Craft focus: character in fiction
Time: 10:30 - 16:30
Location: Keeley Street
Course Code: HW448
Choose a start date
Duration: 1 session
Please note: We offer a wide variety of financial support to make courses affordable. Just visit our online Help Center for more information on a range of topics including fees, online learning and FAQs.
What is the course about?
The most successful characters are those that come alive in the imagination, those so embodied it feels as though they could walk off the page into reality. For better or worse, when these characters act, things happen and readers pay attention. In this course you'll learn how to generate that power, using discussion and guided exercises to create characters that bring complexity and forward momentum to your stories.
Students say: "I've gained a good grasp of the essentials needed when focusing on character and character-driven narratives"; "I loved the exercises and the handouts"; "I feel thoroughly engaged and inspired to write"; "Fabulous!" .
What will we cover?
- The essential components of character
- The role of character in fiction
- How to create compelling characters
- The relationship between character, story and plot.
What will I achieve?
By the end of this course you should be able to...
- Identitify 'round' vs. 'flat' characters and understand their relative importance in fiction
- Understand different types of character arc
- Understand how to create complex and 'counterpointed' characters (e.g. how different characters work to contrast or compliment each other in the same narrative).
What level is the course and do I need any particular skills?

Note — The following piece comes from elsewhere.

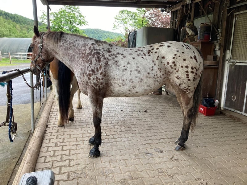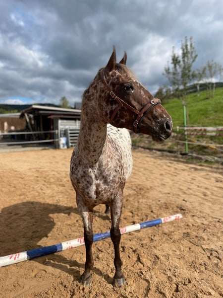 Ich suche für meine Stute Joy ein absolutes Traumzuhause Eckdaten: 10 Jahre alt, am 20.05.2015 geboren Appalossa x Quater Horse Mix mit Appalossa Papieren Ca. 156 cm groß Vor einigen Jahren Hufrollenbefund am linken Vorderhuf, welcher mit einem Spezialbeschlag gut behandelt ist. Sie ist freizeitmäßig, gebisslos geritten und ausgebildet, geht zuverlässig alleine und auch in der Gruppe ins Gelände und ist allgemein sehr motiviert und temperamentvoll. Sie braucht eine Person, die ihr Sicherheit gibt und selbstbewusst im Umgang mit Pferden ist. Allgemein kennt sie schon sehr viel aber wird bei unbekannten Situationen auch mal unsicher, bleibt dabei aber immer händelbar und kontrolliert. Sie ist sehr gut vom Boden aus gearbeitet, Freiarbeit, Lektionen wie Kompliment, liegen, „Schaukelpferd“ etc. ist kein Fremdwort für sie. Zudem wurde viel Handarbeit mit ihr gemacht, Schulter herein, Kruppe herein und Seitengänge jeder Art sind für sie kein Problem, auch nicht vom Sattel aus. Aufgrund ihres Hufrollenbefundes, wird sie nur noch im Gelände geritten, da sie vermehrt auf harten Böden geritten werden soll. Bei Hallen oder Platzböden kommt es ganz auf den Boden drauf an. Je nachdem fällt es ihr einfacher oder schwerer. Sie wird abgegeben, da ich die nächsten Jahre noch zum studieren weg bin und ihr aufgrund meiner zukünftigen Arbeit leider nicht die nötige Aufmerksamkeit und Fürsorge geben kann. Ich wünsch mir für sie jemanden, der sich vielseitig mit ihr beschäftigt, sie fördert und schöne Ausritte und abwechslungsreiches Bodenarbeitstraining mit ihr genießen möchte. Zudem steht sie im Winter im Offenstall und im Sommer 24/7 auf der Koppel. Keine Allergien, kein Spezialfutter oder ähnliches. Ich wünsche mir, dass sie wieder in einen Offenstall, Aktivstall oder auf die Koppel kommt. Sie wird nicht an Boxenhaltung oder Paddock abgegeben. In der Herde hat sie eher einen mittleren Stand und steht aktuell in einer gemischten Herde. Generell ist sie anderen Pferden gegenüber sozial und aufgeschlossen. Ich kenne Joy seit Geburt an und wünsche mir für sie einen Endplatz zu finden. Sie wurde selbst von mir ausgebildet und hat bereits mehrere Wanderritte, Reit- und Bodenarbeitskurse sowie Trails besucht. Sie ist auch in fremder Umgebung aufmerksam und zuverlässig. Keine Händler oder Reitvereinanfragen bitte, nur Privatpersonen. Gerne mit Fragen an mich wenden, generell kann mehr Auskunft bei einem persönlichen und telefonischen Gepräch gegeben werden. Preisvorstellung liegt bei 4800€VB Standort Nähe 63639 Flörsbachtal

This course is suitable for any writers of prose fiction with an interest in developing their understanding of character. Experience as an avid reader of fiction and/or some experience of writing fiction (short stories, novels) will be helpful.
How will I be taught, and will there be any work outside the class?

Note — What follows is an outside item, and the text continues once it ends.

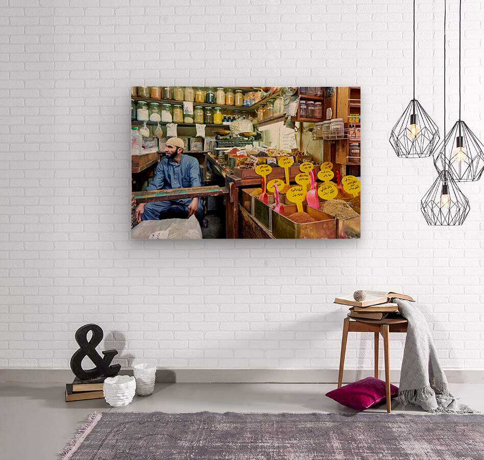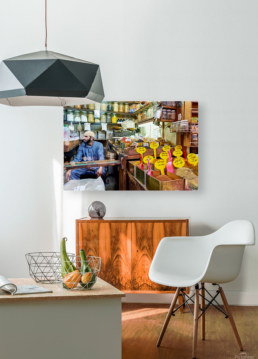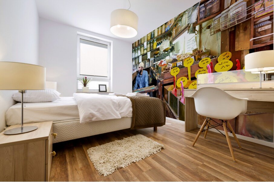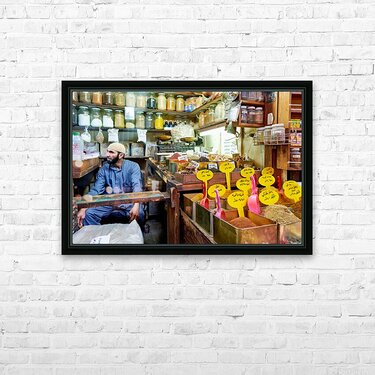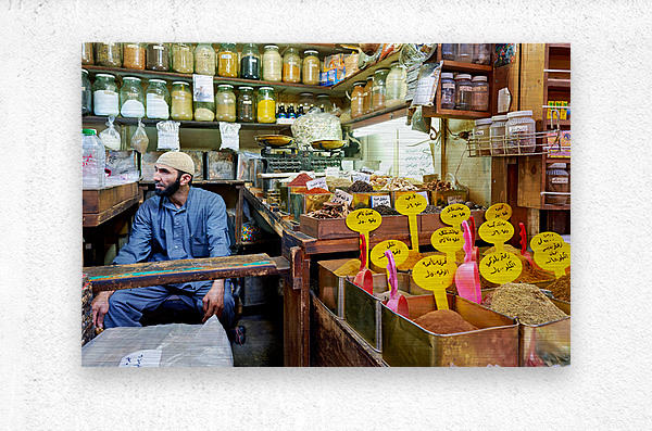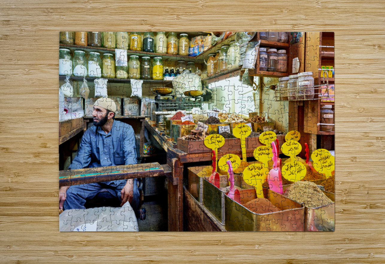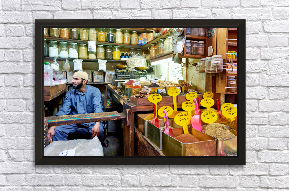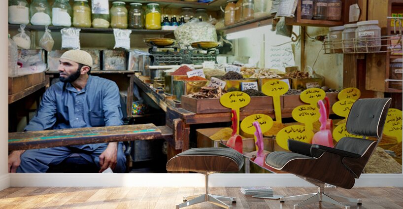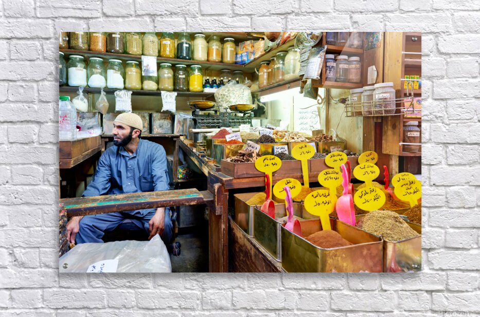 A vendor sits among jars and containers of spices in Al-Hamidiyah Souq. Customers browse and shop in the busy market in Damascus.

You will explore examples of successful characters and character development in tutor-led discussion, practise your skills in guided writing exercises, and share your work to receive constructive feedback.

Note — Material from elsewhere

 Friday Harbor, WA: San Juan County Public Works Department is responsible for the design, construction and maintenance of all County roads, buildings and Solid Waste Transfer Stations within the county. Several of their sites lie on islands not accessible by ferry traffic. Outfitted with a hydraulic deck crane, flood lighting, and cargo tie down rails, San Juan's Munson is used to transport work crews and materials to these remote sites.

All writing courses at City Lit will involve an element of workshop. This means that students will produce work which will be discussed in an open and constructive environment with the tutor and other students. The college operates a policy of constructive criticism, and all feedback on another student’s work by the tutor and other students should be delivered in that spirit.
For classes longer than one day, regular reading and writing exercises will be set for completion at home to set deadlines.
City Lit Writing endeavours to create a safe and welcoming space for all and we strongly support the use of content notes in our classes. This means that learners are encouraged to make their tutor and classmates aware in advance if any writing they wish to share contains material that may be deemed sensitive. If you are unsure about what might constitute sensitive content, please ask your tutor for further clarification and read our expectations for participating in writing courses at City Lit.
Are there any other costs? Is there anything I need to bring?
There are no associated costs. Please bring writing materials.
When I've finished, what course can I do next?
Collect the other Craft Focus courses on offer to give key elements of your writing the special attention they deserve. Or, why not try one of our term-long fiction courses? You may also enjoy a Reading for writers course, or the Craft of fiction reading and writing group. There are lots of options to develop your fiction available via the online prospectus. If you need help finding the right one, just give us a call!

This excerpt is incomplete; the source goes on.